Sweet and Proper
by Road Rhythm
Summary: Apparently, Sam Winchester is important to somebody. Apparently, you're just what he likes.
TW: noncon due to possession (unbeknownst to Sam).

A/N: Many thanks to my lovely and insightful beta, Lavishsqualor.

* * *

. . . . .

* * *

It starts with black smoke. You're in your '93 Toyota Camry, teal with cream plush seats, on the way to school for only the third time since you got your parking permit, when black smoke starts pouring out of the vent. Your first reaction is grief. It _can't_ be dying on you. You just got this car. You spent a whole year saving up for it, and your parents helped.

Then the smoke is rearing up and coiling in mid-air. Nothing about the way it's moving makes sense, and you slam on the brakes before you consciously understand why. You'll never really know what your feelings are just then. It happens too fast.

One moment the smoke is slipping past your lips, pouring down your throat. The next, you're sitting in the cream plush driver's seat, but you're not. Something is sitting for you.

Horns start up behind you, and your foot shifts from the brake to the gas. You're moving again. It's the way to school. Your knowledge of the way to school is what's getting you there, but you're not driving. Now you are feeling terror. You don't even get to do that all on your own, though; it's as if a hand has reached out and turned your emotions to the most probable and convenient setting. You feel the terror distantly. You used to think of your emotions as part of yourself, but there's a middleman between you and them and you know better, now.

You arrive at school. You park. You make it to homeroom five minutes before the bell. There are still lots of seats open. Usually, you sit by the door with your friends Cara and Renée, with whom you have History and Calculus. Today, your eyes fix on this new guy who's only been here a couple of weeks. You don't want them to. You aren't given a choice.

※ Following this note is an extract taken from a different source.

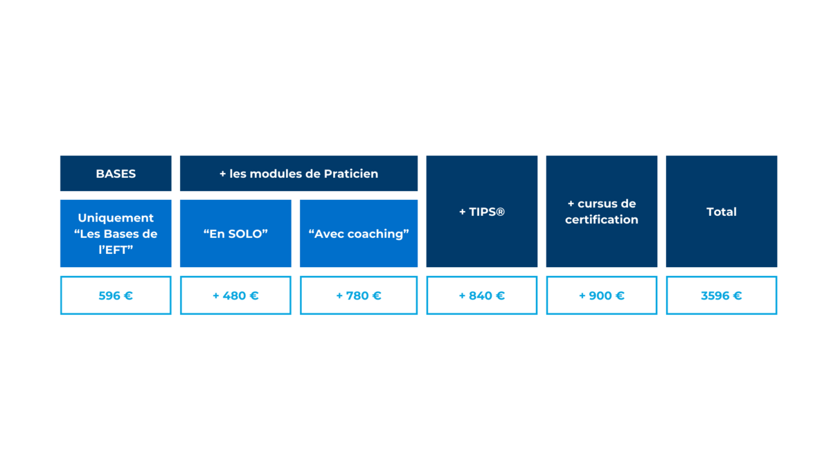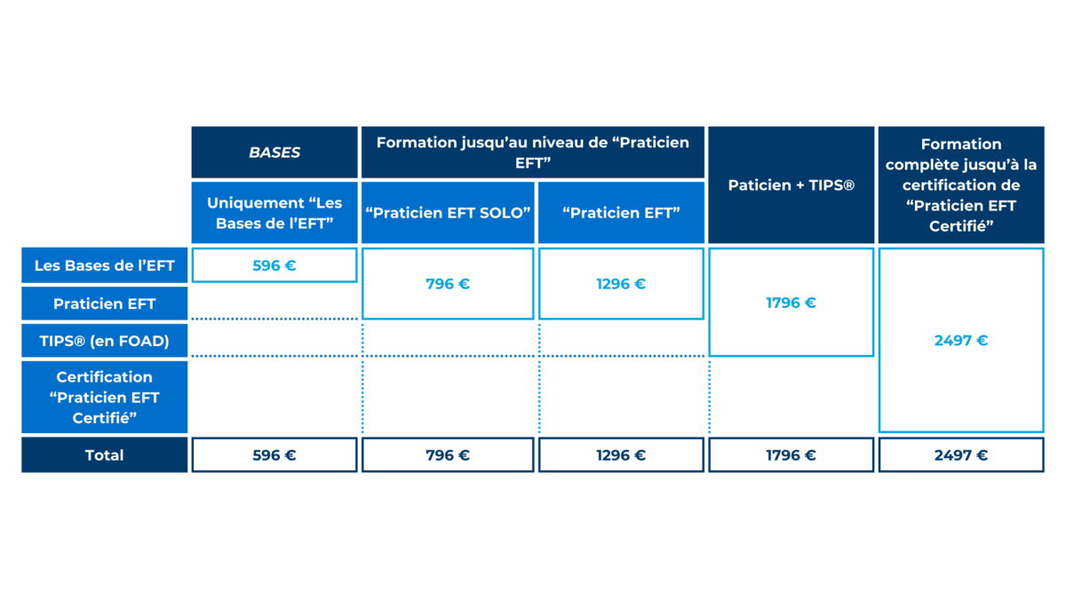 Tableau récapitulatif des tarifs de formation EFT selon le niveau d'étude souhaité pour des personnes finançant elles-mêmes leur formation.

He's tall and skinny, with longer hair than you like. You actually have a class with him, AP Physics, but you've never talked to him and you don't know anything about him. He's probably smart. He is cute, but he's weird as hell, and it doesn't really help that he's always trying to seem like he isn't.

You don't even know his name, but you feel yourself smiling as you sit down next to him, and you say, "Hey, Sam."

He starts a little. "Hey, um…." He's obviously fumbling for your name.

The smile falls off your face, but it's not because you're hurt. Nothing your face does has anything to do with what you're feeling. "Rachel. Rachel Nave."

"Right, sorry." He's blushing bright red. "Um, how are you?"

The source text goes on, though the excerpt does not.